Environment: CDH4, Cloudera Manager, MapReduce, HDFS, Hive, Pig, HBase, Flume, MySQL, Sqoop, Oozie, AWS.
Confidential
Java developer
Responsibilities:
- Identified System Requirements and Developed System Specifications, responsible for high-level design and development of use cases.
- Involved in designing Database Connections using JDBC.
- Involved in design and Development of UI using HTML, JavaScript and CSS.
- Developed coded, tested, debugged and deployed JSPs and Servlets for the input and output forms on the web browsers.
- Created Java Beans accessed from JSPs to transfer data across tiers.
- Database Modification using SQL, PL/SQL, Stored procedures, triggers, Views in Oracle9i.
- Experience in going through bug queue, analyzing and fixing bugs, escalation of bugs.
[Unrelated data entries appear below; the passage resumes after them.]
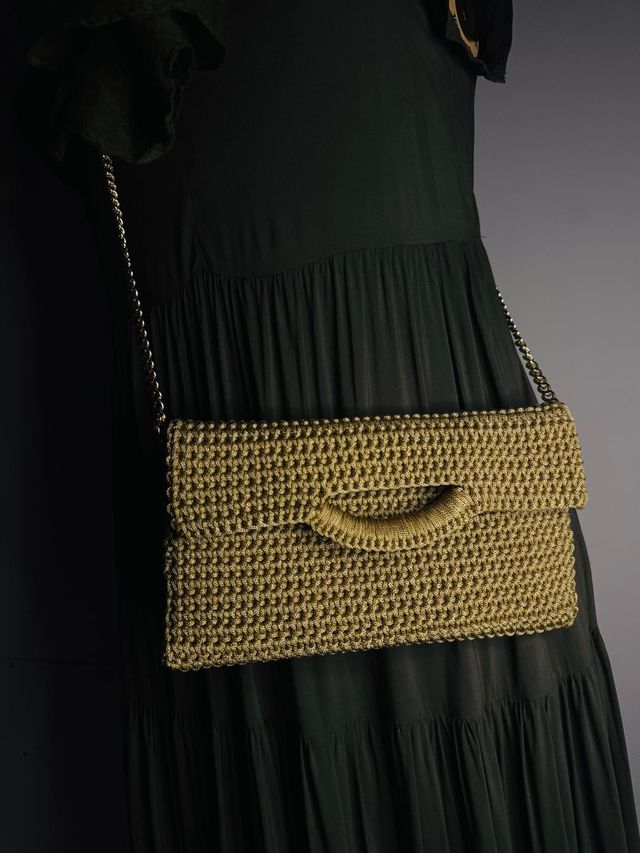 Borsa intrecciata oro con manico e catena
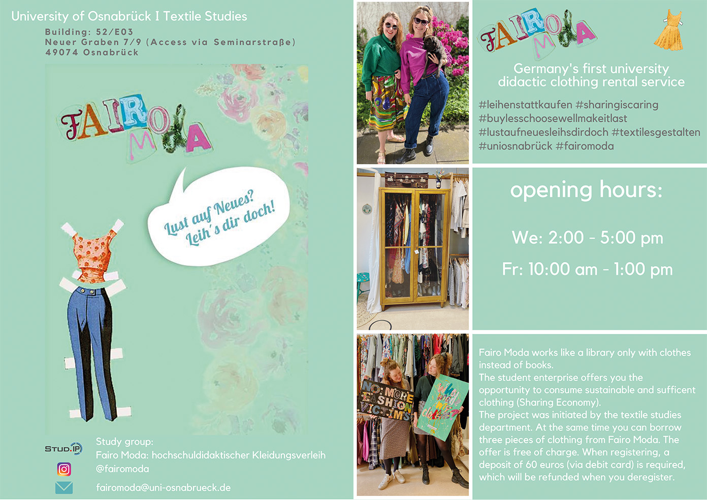 The time has finally come: Fairo Moda will open its doors on June 1, 2021. The university-internal and university didactic clothing rental service is located on the city center campus in building 52/E03 with access opposite Seminarstraße 33 in Osnabrück. The principle works like a library with clothes instead of books. Fairo Moda wants to act according to the motto of the sharing economy (like the car-sharing principle) and offer an opportunity for shared clothing consumption. The project was initiated by the Department of Textile Studies. In its academic theory, the course deals intensively with vestimentary sustainability and now also offers a practical opportunity for students and employees of Osnabrück University in the form of a clothing rental service. three items of clothing can be borrowed at the same time. The offer is free of charge. A deposit of 60 euros is required when registering, which will be refunded when you check out. The money or part of the money will be retained if the borrowed textiles are lost or damaged. Due to the current situation, there will be a soft opening on June 1, 2021. A small opening ceremony has been postponed but not canceled. It will take place once the coronavirus situation has eased and gatherings are possible again.
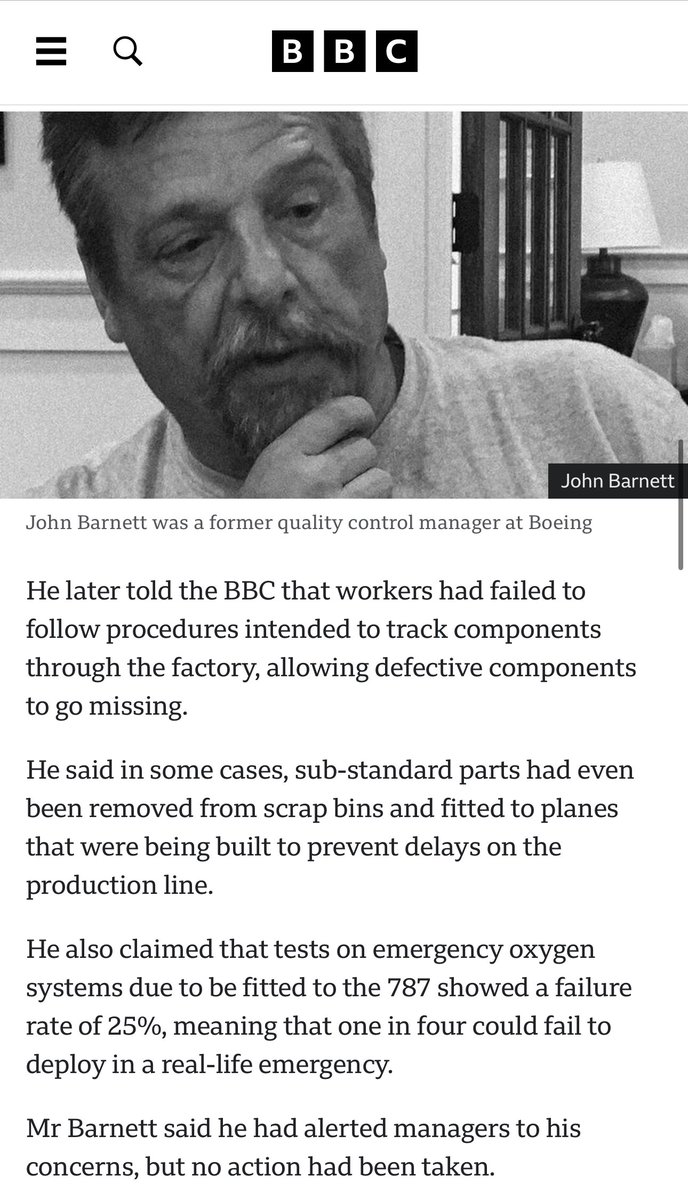 ⚠️HOLY SMOKES—A famous whistleblower against @Boeing on safety issues, has just been suddenly found dead in his truck in his hotel parking lot—all while **testifying in the middle of his week of depositions** against Boeing. JFC. Many of John Barnett’s claims about dangerous Boeing practices have already been verified by the FAA. If we don’t hold accountability for his death, whistleblowers won’t come forward in the future—which would endanger publicly health & safety. https://bbc.com/news/business-68534703

- Involved in Significant customer interaction resulting in stronger Customer Relationships.
- Responsible for working with other developers across the globe on implementation of common solutions.
- Involved in Unit Testing.
Environment: Tomcat Web Server, Jdk1.6, Servlets, JDBC, JSP, Oracle 9i, HTML, DHTML, XML, CSS, Java Script, Windows.
Confidential
Java Developer
Responsibilities:
- Developed the user interface screens using Swing for accepting various system inputs such as contractual terms, monthly data pertaining to production, inventory and transportation.
- Involved in designing Database Connections using JDBC.
- Involved in design and Development of UI using HTML, JavaScript and CSS.
- Involved in creating tables, stored procedures in SQL for data manipulation and retrieval using SQL SERVER 2000, Database Modification using SQL, PL/SQL, Stored procedures, triggers, Views in Oracle.
- Developed the business components (in core Java) used for the calculation module (calculating various entitlement attributes).
- Involved in the logical and physical database design and implemented it by creating suitable tables, views and triggers.
- Created the related procedures and functions used by JDBC calls in the above components.
- Involved in fixing bugs and minor enhancements for the front-end modules.
Environment: JDK 1.3, Swing, JDBC, JavaScript, HTML, Resin, SQL Server 2000, Textpad, Toad, MS Visual SourceSafe,Windows 2000, HP UNIX.